# 2018-11-14 PCA responders
Let's look at whether PCA can give us significant information about responders versus non-responders.

In [None]:
library(ggplot2)
library(RColorBrewer)

In [None]:
# Multiple plot function
#
# ggplot objects can be passed in ..., or to plotlist (as a list of ggplot objects)
# - cols:   Number of columns in layout
# - layout: A matrix specifying the layout.
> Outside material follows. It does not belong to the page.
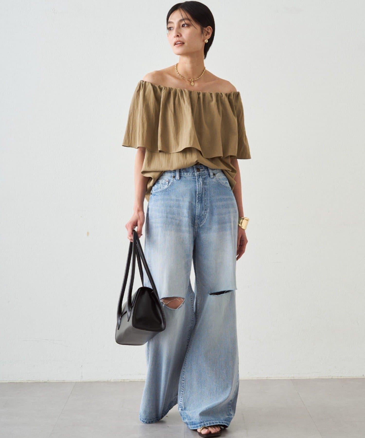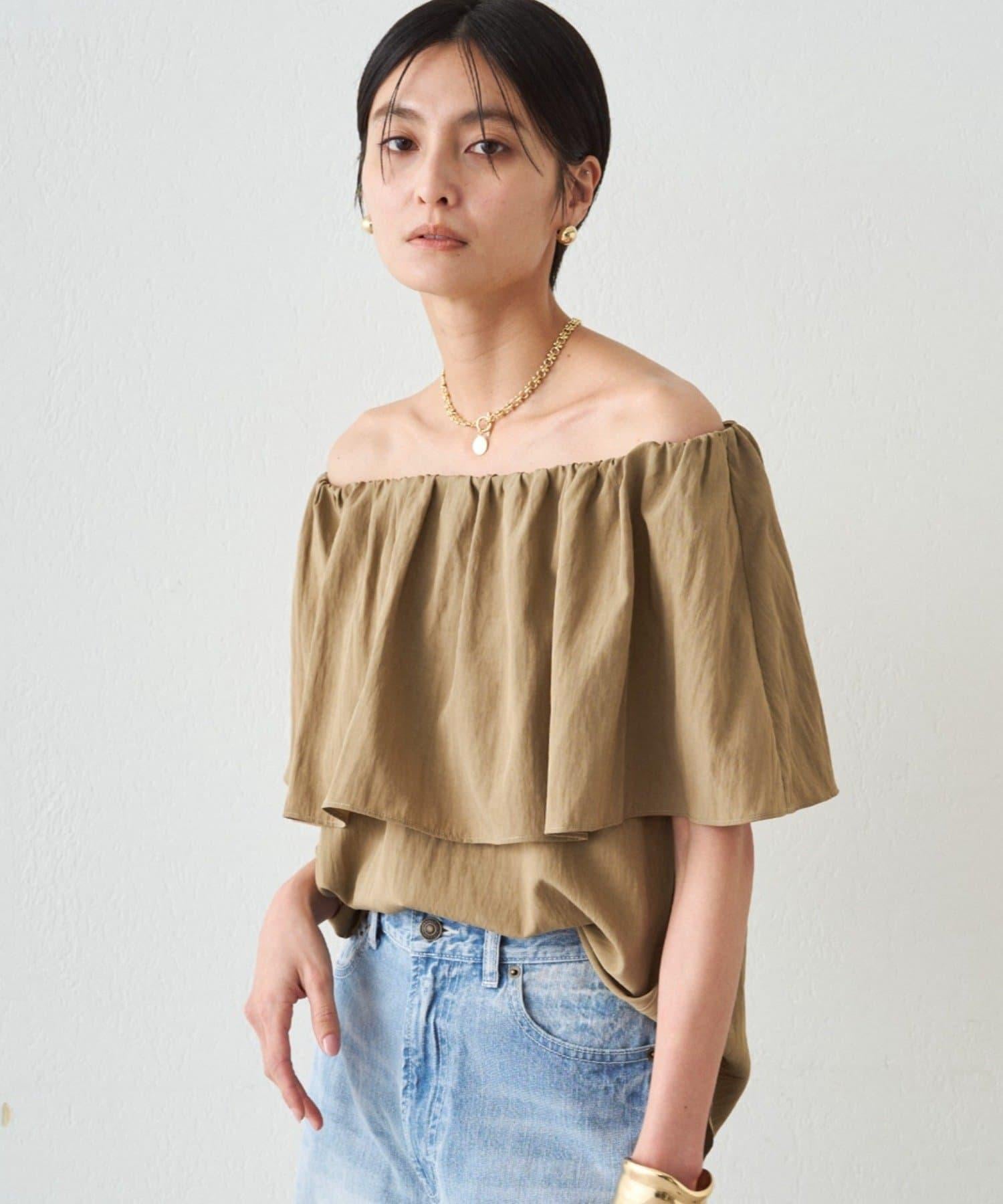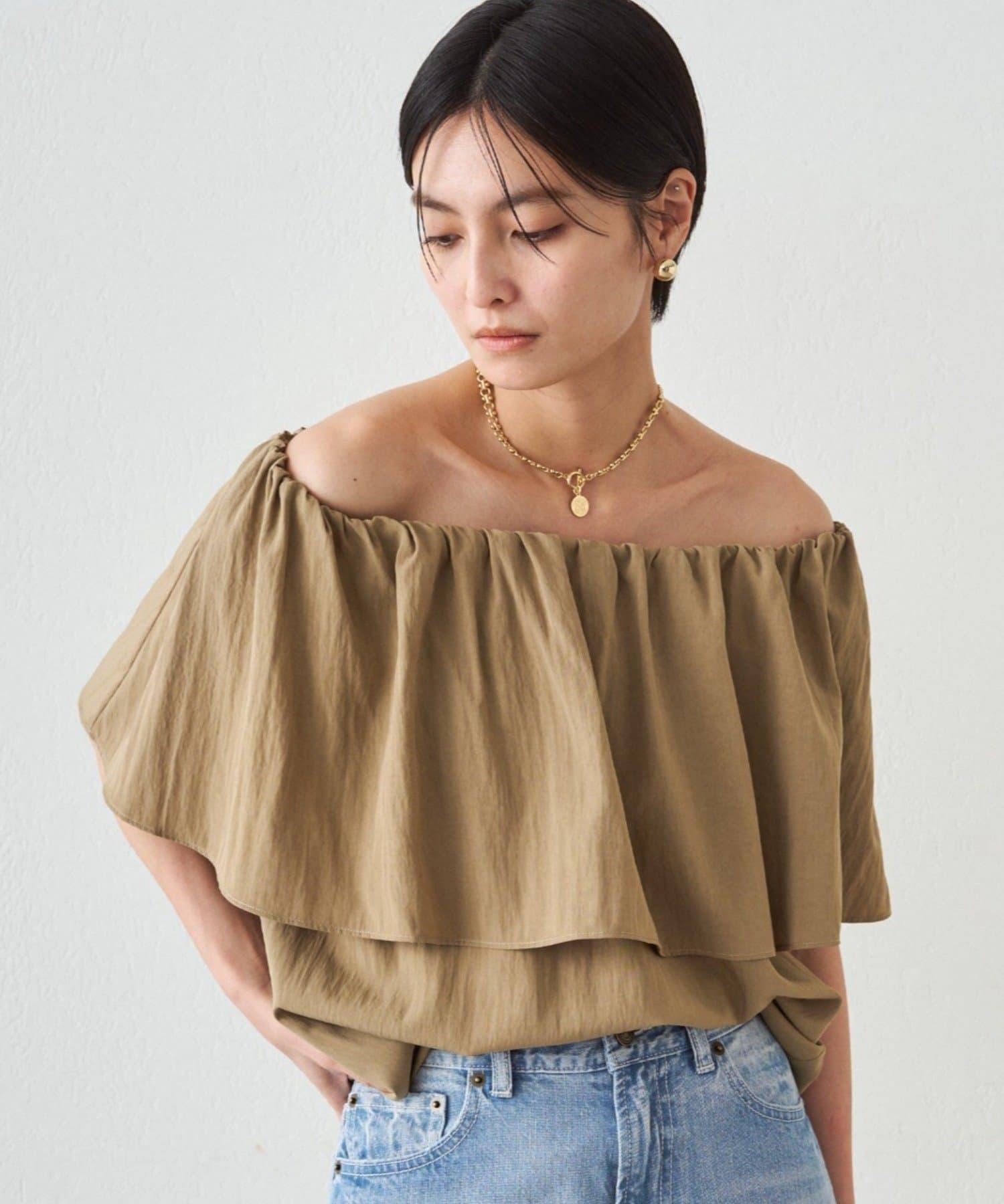 荷葉邊露肩設計 女式襯衫

If present, 'cols' is ignored.
#
# If the layout is something like matrix(c(1,2,3,3), nrow=2, byrow=TRUE),
# then plot 1 will go in the upper left, 2 will go in the upper right, and
# 3 will go all the way across the bottom.
#
multiplot <- function(..., plotlist=NULL, file, cols=1, layout=NULL) {
  library(grid)

  # Make a list from the ... arguments and plotlist
  plots <- c(list(...), plotlist)

  numPlots = length(plots)

  # If layout is NULL, then use 'cols' to determine layout
  if (is.null(layout)) {
    # Make the panel
    # ncol: Number of columns of plots
    # nrow: Number of rows needed, calculated from # of cols
    layout <- matrix(seq(1, cols * ceiling(numPlots/cols)),
                    ncol = cols, nrow = ceiling(numPlots/cols))
  }

 if (numPlots==1) {
    print(plots[[1]])

  } else {
    # Set up the page
    grid.newpage()
    pushViewport(viewport(layout = grid.layout(nrow(layout), ncol(layout))))

    # Make each plot, in the correct location
    for (i in 1:numPlots) {
      # Get the i,j matrix positions of the regions that contain this subplot
      matchidx <- as.data.frame(which(layout == i, arr.ind = TRUE))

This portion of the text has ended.